* **ACTIVITY**
Range to repeat from the listing below: the line containing "Seiko Half Moon" down to the line containing "Lodge tent 5 is", both included. Copy it exactly, pictures excluded, and add nothing else.

* **DATA SECTION**
################

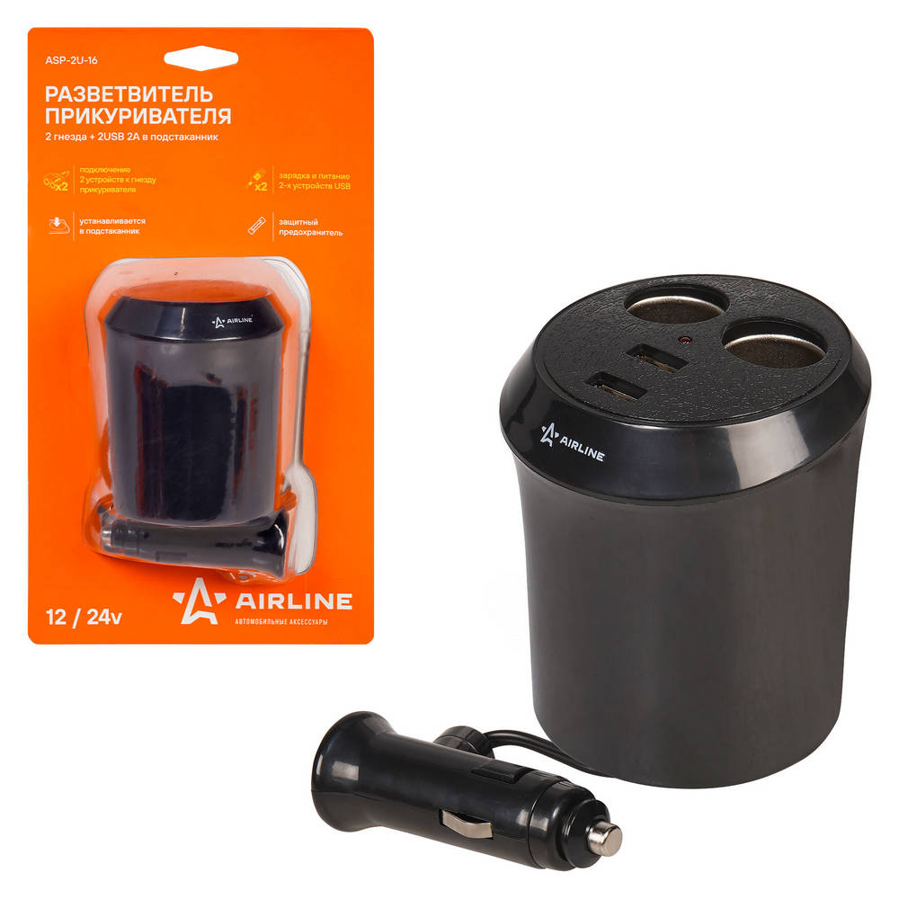 Прикуриватель-Разветвитель AirLine ASP2U16
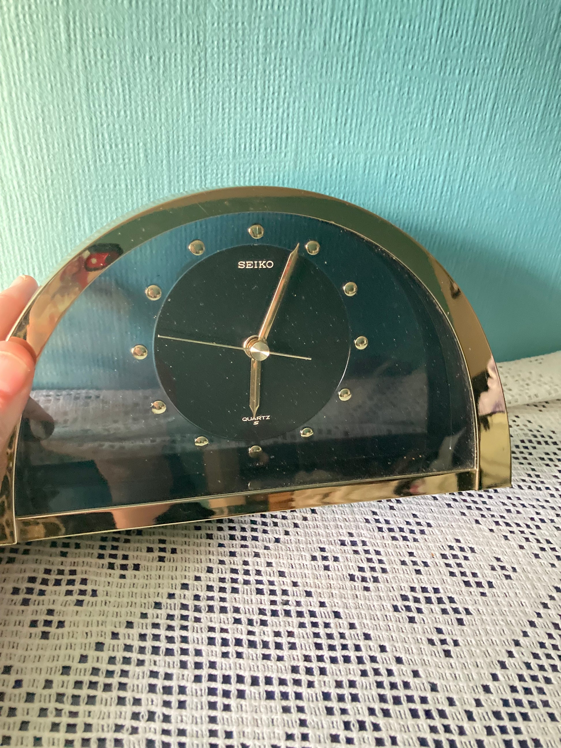 Seiko Half Moon Clock Mid Century Hollywood Regency Brass Table Clock Japan
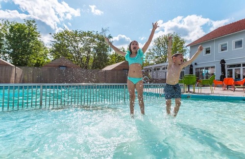 Lodge tent 5 is a fully equipped glamping tent. It is on the ground floor, has room for 5 people and can be entered via a few steps. The living area has an open kitchen and is equipped with an induction hob, microwave and fridge, among other things. There is also a cosy dining area with television. The tent has 2 sleeping areas with 5 beds: 1 double bed and 1 bunk bed with 3 single beds. In the bathroom you will find a toilet, washbasin and shower cabin. The covered terrace has garden furniture. At Lodge tent 5 you can park 1 car and you can use the wifi.
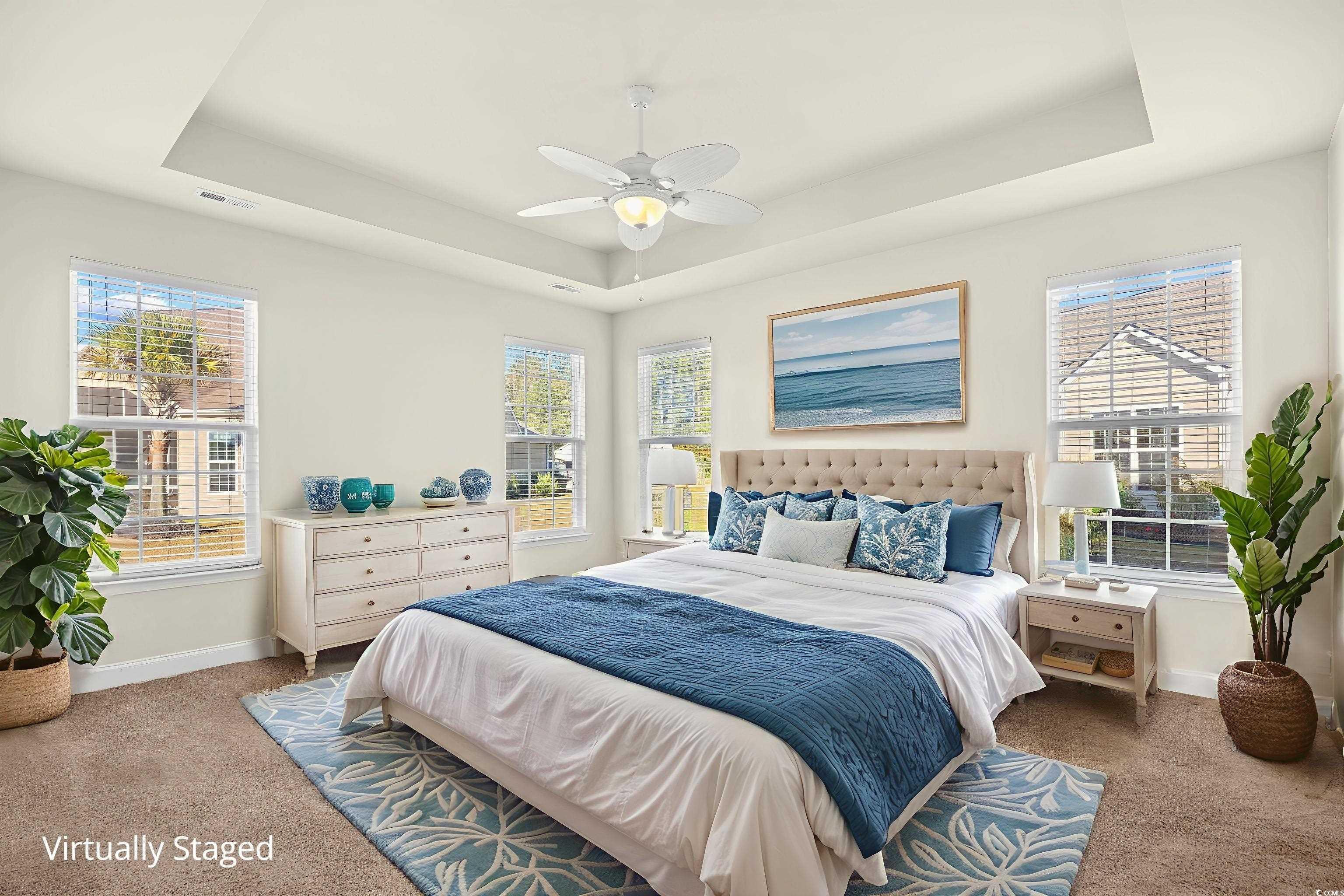 PrimaryBedroom: TrayCeilings, CeilingFans, MainLevelMaster, WalkInClosets

################

* **RESPONSE AREA**
 Seiko Half Moon Clock Mid Century Hollywood Regency Brass Table Clock Japan
 Lodge tent 5 is a fully equipped glamping tent. It is on the ground floor, has room for 5 people and can be entered via a few steps. The living area has an open kitchen and is equipped with an induction hob, microwave and fridge, among other things. There is also a cosy dining area with television. The tent has 2 sleeping areas with 5 beds: 1 double bed and 1 bunk bed with 3 single beds. In the bathroom you will find a toilet, washbasin and shower cabin. The covered terrace has garden furniture. At Lodge tent 5 you can park 1 car and you can use the wifi.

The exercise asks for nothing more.